坐在对面那两人,一个正是内阁首辅杨廷和,另一个也是名臣,曾经的内阁首辅,如今以太师身份致仕多年的刘健。
刘健今年已年满九十,张太后待这样的老臣,哪怕曾经因为多次请求敲打张氏兄弟而和她闹过矛盾,那如今也尊崇的很。
张太后神态悠闲,目视刘健催问道:“洛阳公,太师,你是先帝时期便为国谋事的众臣,你有何建言?”
刘健老家洛阳,故此称之为洛阳公并无不可。
只不过,老先生这次完全是无妄之灾,他虽致仕多年,可无一日不关心国家稳定,这一次听说正德皇帝身体垮了,这是不顾年迈才跑到京师来帮忙稳定朝局来的。
张太后见问,刘健只好硬着头皮道:“启禀太后,这封赏,既不可太过……”
“是啊,皇帝也是这个意思,”张太后目视杨廷和道,“杨卿原本的意思,哀家也是赞同的。
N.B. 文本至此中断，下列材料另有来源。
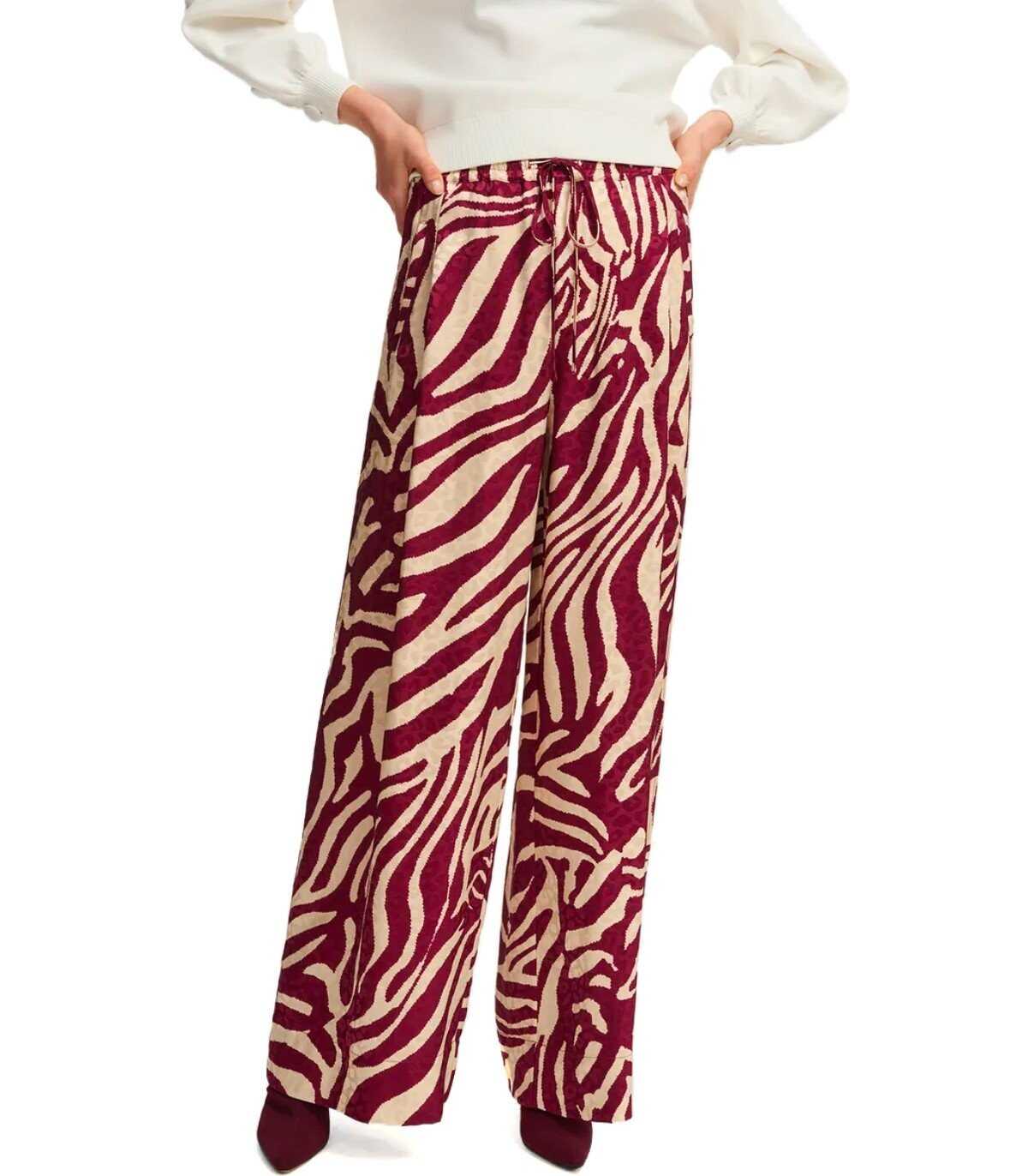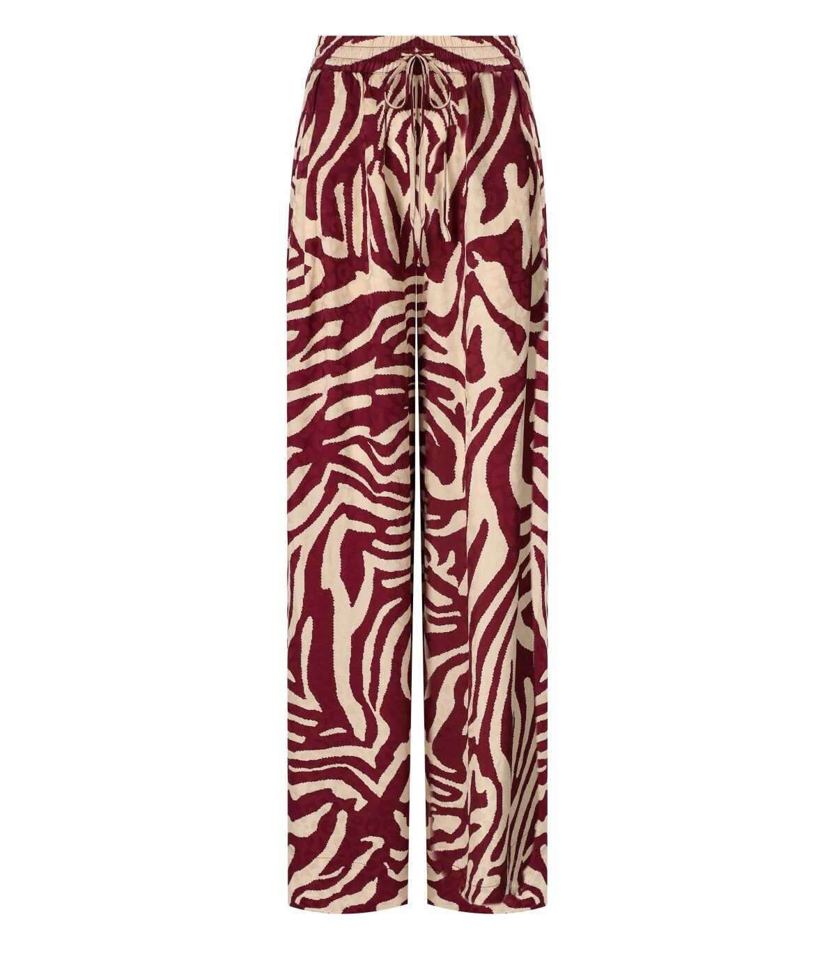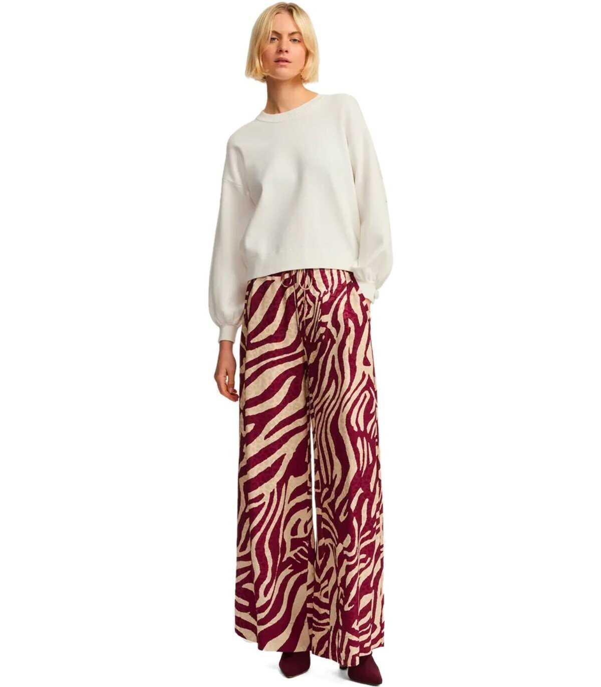 Fibonacci pants by Essentiel Antwerp made of leopard jacquard fabric, with ecru and bordeaux zebra pattern. Patch pockets on the hips, elasticated waist with drawstring. Wide leg, soft fit.

皇帝没有子嗣,有没有兄弟,应当以兴王世子小宗入大宗继承法统。然,如今皇帝身体恢复,此事便就此作罢。”
“那是自然,圣天子龙体无恙,自不必再紧促讨论此事,只是……”杨廷和白须飞舞道,“毕竟……”
张太后笑道:“这次请你们二位来,哀家并非为了争论小宗入大宗这件事。封赏朱昭,刻不容缓。以哀家之意,刘先生,你莫如留在京师,并邀请木斋公回京,皇帝正在大修别院,你二人便举家住进去,就近教一教我这孩儿,如何?”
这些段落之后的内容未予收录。